Cannabis & Relationships
Before you start planning the logistics of your talk (time, location), it’s a good idea to think about the types of arguments for using cannabis they might draw on, so you can discuss them from an informed perspective. There are some common arguments people use to justify their use.
“Weed is natural, so it must be good for you!”
Here is a list of natural things: sugar, spiders, vitamin D, daffodils, iron, tobacco, asbestos, and Justin Bieber.
Some of these things are better for you than others.
There are some people who believe that naturally occurring products are better for you than synthetic ones. But while humans evolved in nature, not everything in nature is good for us to ingest (see: asbestos & daffodils).
Some things that are good for us are only good in small doses: iron is good for you in small doses, but large doses can lead to stomach pain, nausea and vomiting, and with repeated use, much more serious outcomes.
So, some natural things are good for you – but others are very bad for you. Some things that are natural are good for you, but only in small doses. You have to judge each substance on its own merits (and by its effects!) to know how dangerous it can be.
Speaking of which:
“No one ever died from weed.”
Here’s a question: has anyone ever died from sugar?
The answer you give would depend on what limits you set. If you want only deaths that can be linked directly to eating sugar (and nothing else), the answer might actually be no. Of course, we know that’s not the case – obesity and heart disease are linked to sugar in a quite significant way!
This is the same logic that is used for weed. When this statement is made, it ignores indirect deaths such as car crashes (one French study of road crashes found 3% of deaths were attributable to cannabis) or long-term possible health consequences such as cancer or stroke. It also ignores deaths from accidents and misadventure.
Like sugar, cannabis is not known as a substance people fatally overdose on; but that doesn’t mean it has no consequences for use. There are many social, emotional and physical harms that are linked to cannabis use that might not kill you from a toxic overdose – but they certainly won’t make your life better or longer.
“I’ve used it for ages and I’m fine, or people I know who use it are fine.”
This logic is a problem because you will only have experienced a small window of what could occur – and you’re relying on your memory. For instance, you might only remember good times with someone, like your cousin, Mike, who smoked for ages and is fine… apart from his hacking cough and poor sleep patterns.

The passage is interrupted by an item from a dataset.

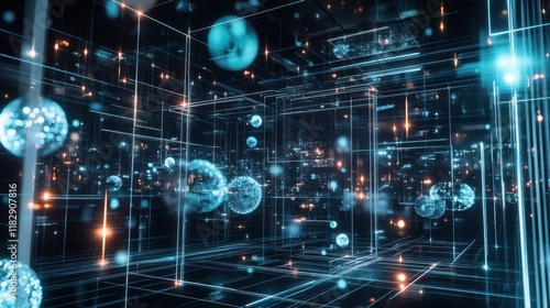Abstract Digital Network: A Visualization of interconnected data spheres and lines in a virtual 3D space, representing the complexity and vastness of digital information.

This is why people often rely on research to find a balanced answer, as it looks at a large sample of the population and compare outcomes overall, instead of just one or two people. Doctors used to believe that cigarette smoking was good for your health. But after doing some big research studies we now know that cigarettes are infact very harmful to your health and not at all beneficial.
It’s important to consider research because cannabis affects everyone differently; some people experience very few negative effects, others might have significant physical and mental effects. This can be due to family history, environment, or even some unknown interactions.
I need it to…
Sometimes, people may feel they need to use cannabis for a particular reason. It might be to concentrate, to relax, to feel ‘normal’. This is concerning because the need to use in order to properly function can be a sign of dependence or addiction. Cannabis was once thought to not be a drug of addiction like alcohol and heroin were; research now shows that while it is not as addictive as these two drugs, it can be both physically and psychologically addictive.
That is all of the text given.